🤖 AI Summary
To address the rigidity of reasoning and suppression of active learning in existing LLM-based agent world models, this paper proposes a dynamic reasoning framework grounded in multi-turn interaction. Methodologically, it introduces: (1) a reward rescaling mechanism that adaptively modulates environmental feedback to guide exploratory policy learning; (2) an interaction-frequency annealing strategy that progressively reduces interaction rounds, encouraging the shift from external interaction to internal mental simulation; and (3) action-effectiveness-driven adaptive optimization of reasoning structure. Departing from fixed reasoning paradigms, the framework enables LLMs to autonomously construct and internalize environmental dynamics through embodied action. Empirical evaluation on Sokoban, Maze, and Taxi tasks demonstrates substantial improvements in single-step planning capability. Moreover, the method exhibits strong generalization and sample efficiency on complex scenarios and cross-task reasoning benchmarks.
📝 Abstract
Developing robust world model reasoning is crucial for large language model (LLM) agents to plan and interact in complex environments. While multi-turn interaction offers a superior understanding of environmental dynamics via authentic feedback, current approaches often impose a rigid reasoning process, which constrains the model's active learning, ultimately hindering efficient world model reasoning.

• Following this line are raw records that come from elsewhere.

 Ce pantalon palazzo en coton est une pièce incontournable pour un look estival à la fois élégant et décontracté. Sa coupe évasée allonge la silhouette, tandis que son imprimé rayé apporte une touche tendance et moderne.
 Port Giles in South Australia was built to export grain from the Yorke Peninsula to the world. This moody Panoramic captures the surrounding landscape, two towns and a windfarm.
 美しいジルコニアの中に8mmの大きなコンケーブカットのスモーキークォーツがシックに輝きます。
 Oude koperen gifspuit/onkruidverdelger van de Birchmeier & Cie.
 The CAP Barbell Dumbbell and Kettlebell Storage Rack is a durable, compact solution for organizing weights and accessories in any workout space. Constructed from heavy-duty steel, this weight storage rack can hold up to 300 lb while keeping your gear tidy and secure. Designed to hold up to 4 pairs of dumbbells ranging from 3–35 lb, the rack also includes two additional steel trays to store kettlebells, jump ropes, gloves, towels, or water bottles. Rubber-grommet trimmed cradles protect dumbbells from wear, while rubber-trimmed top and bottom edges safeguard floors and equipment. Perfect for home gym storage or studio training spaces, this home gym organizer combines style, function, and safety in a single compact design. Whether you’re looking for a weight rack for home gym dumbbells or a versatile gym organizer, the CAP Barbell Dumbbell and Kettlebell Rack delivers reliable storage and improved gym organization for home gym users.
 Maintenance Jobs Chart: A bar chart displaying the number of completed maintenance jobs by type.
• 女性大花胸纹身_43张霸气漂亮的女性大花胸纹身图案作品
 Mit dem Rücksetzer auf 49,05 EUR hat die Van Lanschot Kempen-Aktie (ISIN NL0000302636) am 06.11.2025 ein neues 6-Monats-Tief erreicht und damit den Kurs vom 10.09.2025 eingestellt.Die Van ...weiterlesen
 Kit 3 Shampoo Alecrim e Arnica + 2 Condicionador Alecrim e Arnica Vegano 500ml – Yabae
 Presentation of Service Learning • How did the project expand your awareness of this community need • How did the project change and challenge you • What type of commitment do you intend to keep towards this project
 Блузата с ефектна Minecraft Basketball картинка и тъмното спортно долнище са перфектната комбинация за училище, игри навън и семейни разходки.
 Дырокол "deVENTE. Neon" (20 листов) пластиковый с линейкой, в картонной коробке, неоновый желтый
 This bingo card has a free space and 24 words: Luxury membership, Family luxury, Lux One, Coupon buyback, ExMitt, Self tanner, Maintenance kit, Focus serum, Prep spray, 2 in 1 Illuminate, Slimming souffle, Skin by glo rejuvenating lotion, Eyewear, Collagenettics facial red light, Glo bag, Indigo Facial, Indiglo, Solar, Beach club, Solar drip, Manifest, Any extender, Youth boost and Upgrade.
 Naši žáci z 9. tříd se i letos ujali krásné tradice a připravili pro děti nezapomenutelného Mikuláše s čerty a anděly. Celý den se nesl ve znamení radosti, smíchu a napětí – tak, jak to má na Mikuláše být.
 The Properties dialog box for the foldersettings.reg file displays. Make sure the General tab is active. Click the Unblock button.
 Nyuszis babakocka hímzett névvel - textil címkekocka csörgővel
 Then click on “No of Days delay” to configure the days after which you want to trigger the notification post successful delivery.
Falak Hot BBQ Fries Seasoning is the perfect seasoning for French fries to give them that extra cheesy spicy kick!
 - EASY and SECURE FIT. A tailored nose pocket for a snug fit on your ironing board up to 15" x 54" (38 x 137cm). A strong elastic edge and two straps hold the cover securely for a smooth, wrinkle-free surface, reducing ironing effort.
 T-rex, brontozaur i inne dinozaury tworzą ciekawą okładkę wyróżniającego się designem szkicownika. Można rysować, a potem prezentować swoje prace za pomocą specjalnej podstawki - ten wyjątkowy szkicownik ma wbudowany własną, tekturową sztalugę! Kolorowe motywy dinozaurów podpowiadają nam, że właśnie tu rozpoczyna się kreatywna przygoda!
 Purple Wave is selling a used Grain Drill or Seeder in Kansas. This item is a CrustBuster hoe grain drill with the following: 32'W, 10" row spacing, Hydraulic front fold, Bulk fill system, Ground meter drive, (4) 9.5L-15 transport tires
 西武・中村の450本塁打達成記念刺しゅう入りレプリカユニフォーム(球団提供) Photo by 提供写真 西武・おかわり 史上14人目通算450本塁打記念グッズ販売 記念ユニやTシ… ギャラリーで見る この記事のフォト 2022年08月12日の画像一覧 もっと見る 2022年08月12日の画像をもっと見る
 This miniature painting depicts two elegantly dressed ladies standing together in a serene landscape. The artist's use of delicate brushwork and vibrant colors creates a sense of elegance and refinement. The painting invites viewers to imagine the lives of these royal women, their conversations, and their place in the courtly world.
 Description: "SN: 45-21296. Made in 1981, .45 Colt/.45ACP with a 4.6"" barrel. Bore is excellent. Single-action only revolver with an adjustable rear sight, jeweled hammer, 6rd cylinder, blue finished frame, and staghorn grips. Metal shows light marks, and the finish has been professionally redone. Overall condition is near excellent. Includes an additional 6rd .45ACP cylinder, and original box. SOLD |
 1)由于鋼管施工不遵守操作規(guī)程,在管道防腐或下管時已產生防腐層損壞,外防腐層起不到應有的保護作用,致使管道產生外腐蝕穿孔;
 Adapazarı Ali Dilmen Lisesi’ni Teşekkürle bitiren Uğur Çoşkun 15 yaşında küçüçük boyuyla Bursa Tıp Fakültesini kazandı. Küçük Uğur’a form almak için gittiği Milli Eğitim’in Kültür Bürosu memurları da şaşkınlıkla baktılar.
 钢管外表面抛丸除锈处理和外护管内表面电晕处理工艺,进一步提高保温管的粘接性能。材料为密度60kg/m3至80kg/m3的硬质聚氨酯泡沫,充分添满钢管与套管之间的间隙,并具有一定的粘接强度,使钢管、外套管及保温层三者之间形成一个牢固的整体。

To address these issues, we explore world-model internalization through efficient interaction and active reasoning (WMAct), which liberates the model from structured reasoning, allowing the model to shape thinking directly through its doing, and achieves effective and efficient world model reasoning with two key mechanisms: (1) a reward rescaling mechanism adjusting outcome reward based on action efficacy to incentivize redundancy reduction and purposeful interaction; (2) an interaction frequency annealing strategy to progressively reduce the maximum allowed interaction turns, which compels the model to condense its learning and internalize environmental dynamics rather than over-relying on environmental cues. Our experiments on Sokoban, Maze, and Taxi show that WMAct yields effective world model reasoning capable of resolving tasks in a single turn that previously required multiple interactions and fosters strong transferability to complex environments, improving performance on a suite of reasoning benchmarks.